A Cube Is Dilated By A Factor Of 2.5 How Many Times Larger Is The Volume Of The Resulting Cube Than The Volume Of The Original Cube.
Let the side of the original cube be x. When a cube is dilated by a factor of 2.5, its volume is 15.625 times larger than the original volume. Volume of original cube v1 = x^3.
A) Calculate The Volume Of The Enlarged Cube.
11) a cube is dilated by a factor of 2.5.how many times larger is the volume of the resulting cube than the volume of the original cube?

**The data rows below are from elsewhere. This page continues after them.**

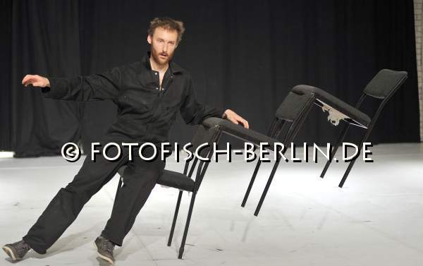 Ort: Uferstudios. TanzNacht Berlin 2012. Auff: 25.08.2012. Clement Layes. Titel: Der gruene Stuhl Choreografie: Clement Layes. Performance/Choreografie: Felix Marchand, Felix M. Ott Im Bild: Clement Layes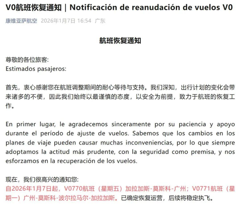 極目新聞報道,康維亞薩航空公司中國區客服工作人員確認該消息的真實性,并表示:“目前往返的航班都是正常的,每兩周一趟,後續如有變化會第一時間發佈公告的。” 康維亞薩航空發佈的通知寫道:“我們深知,出行計劃的變化會帶來諸多的不便,因此我們始終以最謹慎的態度,以安全為前提,致力於航班的恢復工作。航空公司載客載貨,雙軌并行。我們為每一位旅客提供優質服務的同時也利用寬體機的腹艙空間,提供高頻、穩定的貨運空間。” 此外,該航司還發佈了該航班的冬季時刻表。 據報道,“加拉加斯-莫斯科-廣州”系中國唯一直飛委內瑞拉的航線。1月3日,康維亞薩航空公司發佈航班取消通知稱,由於不可抗力因素,原計劃於2026年1月5日3時起飛的V0771航班由廣州飛往加拉加斯已被取消。 從航司處了解到,該客機後續將以空機不載客的形式返回委內瑞拉,具體通知已告知機場櫃檯,并在公眾號發佈。 航班管家APP顯示,廣州往返加拉加斯的航線需經停莫斯科,全程約30個小時。1月16日從加拉加斯到廣州的航班已顯示正常,1月19日從廣州到加拉加斯的航班也已正常。 (完) 【編輯:紀東】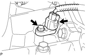 (b) Remove the bolt and then remove the transmission revolution sensor (NOUT) from the CVT.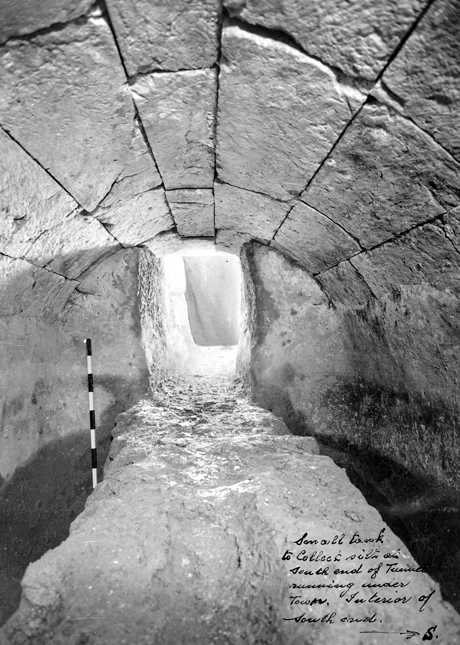 INSIDE THE AQUEDUCT. As the Lower Aqueduct passed under the low ridge upon which ancient Bethlehem was built, the water would flow through this barrel-vaulted chamber where the accumulated sediment would settle to the bottom. The result would have been a clear stream continuing on through the tunnel, out through an opening on the north side of the city, and onward toward Jerusalem and the Temple Mount. Although the tunnel is now blocked, this 1940 photograph by Palestine Mandate antiquities inspector Dmitri Baramki shows the tunnel’s southern entrance when it was still accessible.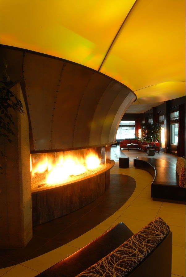 Nous avons réalisé des projets surprenants comme la fabrication d'un foyer au bois pour installer dans l'Hotel de Glace à Québec. Il a fallu user d'imagination pour traverser un toit de glace avec une cheminée qui produit de la chaleur. Le foyer au gaz monumental que nous avons réalisé pour le Grand Hotel Times à Québec mérite aussi une visite!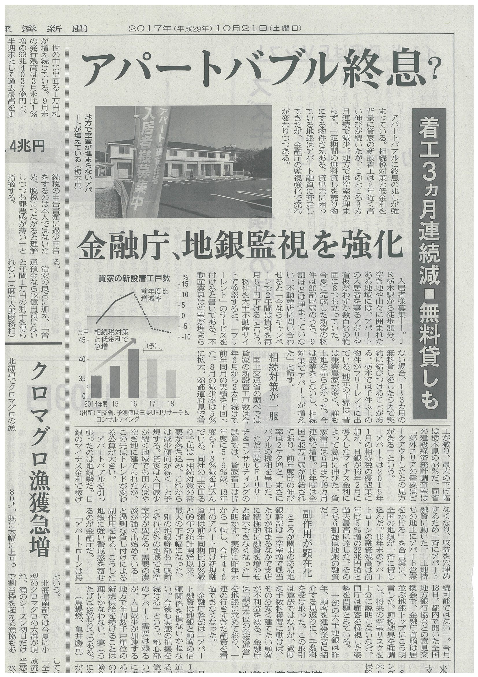 日経新聞 「アパートバブル終息」

Volume of resulting cube v2 = (6.5x)^3 = 274.625x^3. ## step 1
the volume of a cube is calculated by the formula \ (v = a^3\) where 'a' is the length of one side.
## step 2
when the dimensions of a cube. A cube of side 4 cm is enlarged by a scale factor of 2.5. \ (a^3\, \, \, \, = \frac {v'} { k}\)
divide the new volume by the original volume to get how many times bigger it is:
Side Of The Resulting Cube After Dilation By 6.5 Is 6.5X.
The volume of the original cube is $$x^ {3}$$x3 the volume of the resulting cube is $$ (2.5x)^ {3} = 15.625x^ {3}$$(2.5x)3 = 15.625x3 the resulting cube is 15.625 times larger in volume. This means that if a cube is dilated by a scale factor, the volume of the dilated cube will be the volume of the original cube multiplied by the cube of the scale factor. This is calculated by cubing the dilation factor, resulting in 2.53 = 15.625.